O fígado é responsável pela produção de uma proteína chamada transtirretina (TTR), que transporta pelo nosso organismo a tiroxina, o hormônio da tireoide, e a Vitamina A.

Quando acontece uma má formação da transtirretina, ela passa a formar fibras amilóides, que se aglomeram em diferentes tecidos e órgãos do corpo, provocando uma doença chamada amiloidose hereditária mediada por TTR.

A doença, que é considerada rara e atinge 2,3 pessoas a cada 100 mil no Brasil,  pode não apresentar sinais até que esteja em fase mais avançada. Os sintomas, então, variam de acordo com o local onde ocorreu o depósito das fibras. Em geral, os órgãos mais atingidos são os rins, o coração e o sistema nervoso central.

Com a progressão da amiloidose hereditária mediada por TTR, cardiopatias são comuns, algumas vezes exigindo a instalação de marca-passo. A força muscular abandona o paciente e, nos estágios mais graves, ele pode necessitar de cadeira de rodas para se locomover. Problemas gastrointestinais também se tornam comuns.

Até alguns anos, o transplante de fígado era a melhor alternativa para os casos graves da doença, já que o órgão sintetiza 98% da proteína. Mas um novo medicamento, chamado Onpattro, foi aprovado em outubro de 2020 pela Agência Nacional de Vigilância Sanitária (Anvisa), trazendo esperança para os pacientes com amiloidose hereditária mediada por TTR.

 

O plano de saúde é obrigado a custear o Onpattro?
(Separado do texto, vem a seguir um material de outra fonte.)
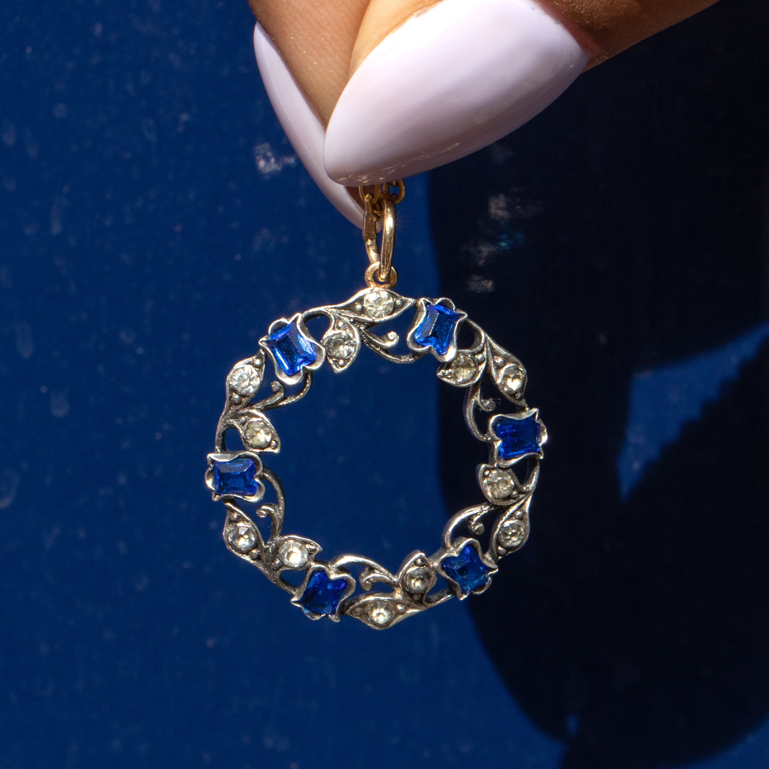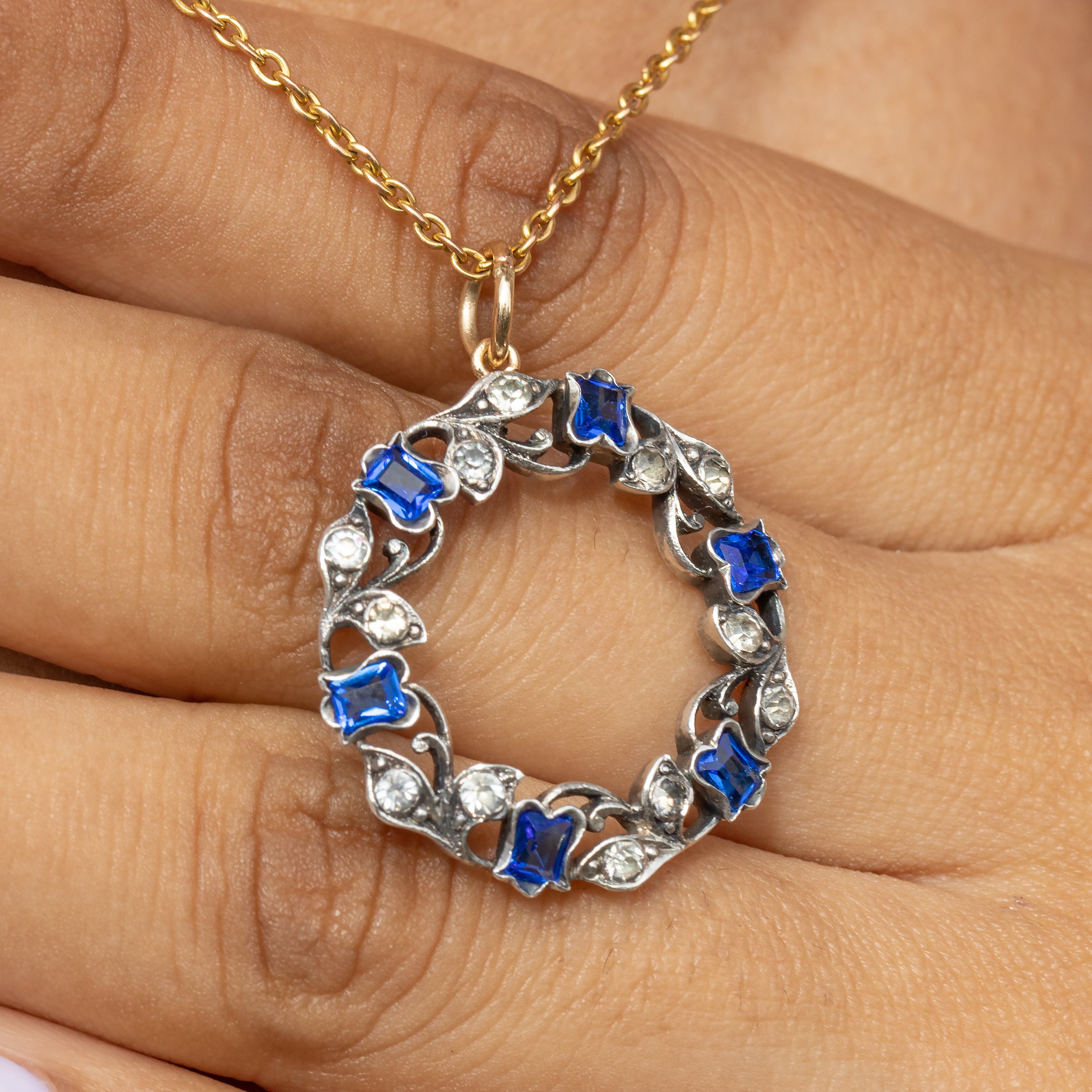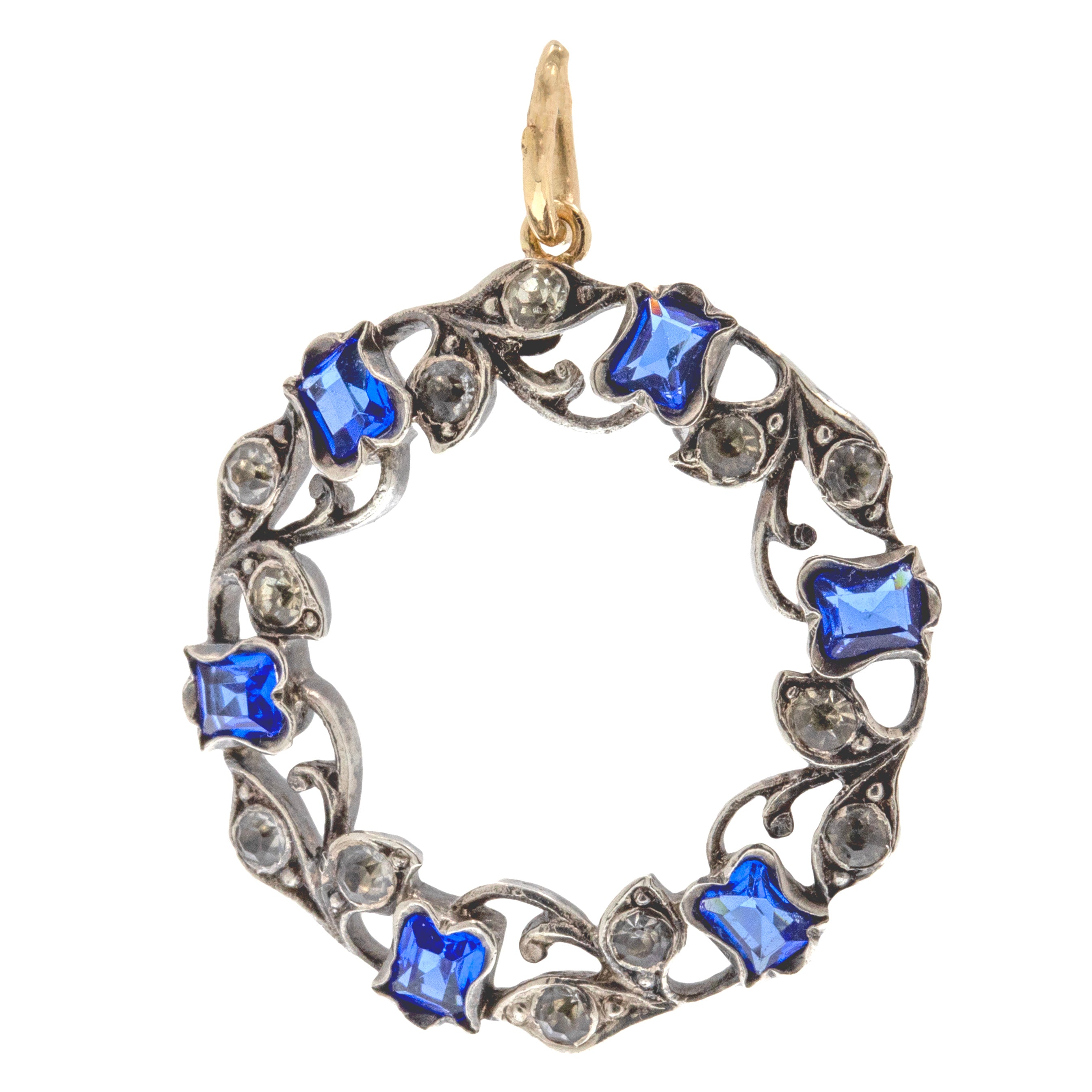 This antique Silver blue Paste roundel pendant captures the exquisite craftsmanship of the Victorian era, with intricate details forming the captivating roundel! Crafted from Sterling Silver, this antique pendant boasts blue Paste tulips surrounded by white Paste leaves to create this ethereal wreath.
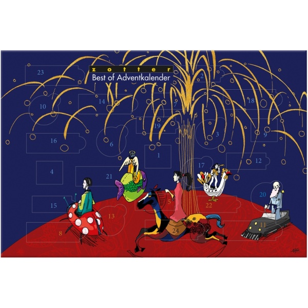 Der große Adventskalender von Zotter feiert die Vielfalt mit handgeschöpften Schokoladen, Bio-Pralinen, Trinkschokoladen, puren Tafeln und gefüllten Nashido-Täfelchen mit 24 Sorten von nussig über fruchtig und karamellig bis weihnachtlich. Alkoholfrei, bunt gefärbt mit Früchten, mit märchenhaftem Karussellmotiv – ein Genussmoment für jeden Dezembertag!
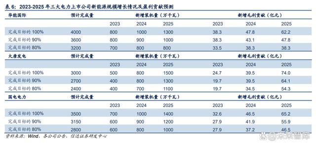 未來(lái)三年新能源裝機(jī)規(guī)模及盈利貢獻(xiàn)有望提速。假設(shè)華能、大唐、國(guó)電三家上市公司未來(lái) 新增的新能源裝機(jī)量中風(fēng)電光伏比例為 4:6,風(fēng)光維持 22 年的發(fā)電小時(shí)數(shù),平均發(fā)電小時(shí) 數(shù)分別為 1770/1841/1731h;平均上網(wǎng)電價(jià) 520 元/兆瓦時(shí);成本收入比為 45%。以完成 “十四五”新能源裝機(jī)規(guī)劃量 90%的情況為例,我們預(yù)計(jì) 2023-2025 年華能國(guó)際新增裝機(jī) 量分別為 800/900/1000 萬(wàn)千瓦,新增毛利貢獻(xiàn)分別達(dá)到 38.3/43.1/47.8 億元;我們預(yù)計(jì) 23-25 年大唐發(fā)電新增裝機(jī)量分別為 400/800/1300 萬(wàn)千瓦,新增毛利貢獻(xiàn)分別達(dá)到 19.7/39.5/64.1 億元;我們預(yù)計(jì) 23-25 年國(guó)電電力新增裝機(jī)量分別為 600/900/1200 萬(wàn)千瓦, 新增毛利貢獻(xiàn)分別達(dá)到 27.9/41.9/55.9 億元。
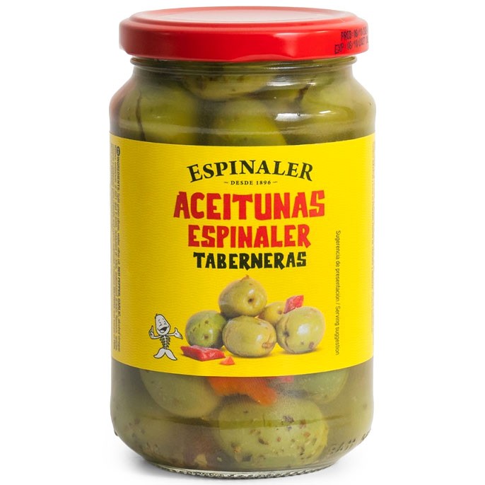Espinaler Taberneras-oliver är läckra oliver i Selecta-kategorin gjorda med knäckta gröna oliver. Noggrant utvalda och kryddade. Espinaler Taberneras-oliver har smaken och kvaliteten som är karakteristisk för de finaste oliverna från århundraden gamla medelhavskrogar.

Entenda.

 

Um dos maiores entraves para o uso do Onpattro, no entanto, é o custo do medicamento, que pode chegar a R$ 110 mil mensais. Como é inviável para a maioria das pessoas arcar com este valor, muitos pacientes acometidos pela doença recorrem ao plano de saude na tentativa de obtê-lo.

Mas, ao realizarem o pedido, se deparam com a negativa das operadoras, que, por motivos econômicos, tentam se livrar da obrigação de fornecê-lo.

Normalmente, os convênios alegam que o Onpattro não consta no Rol da Agência Nacional de Saúde Suplementar (ANS) e que, por isso, não têm que custeá-lo. Mas isso não é verdade!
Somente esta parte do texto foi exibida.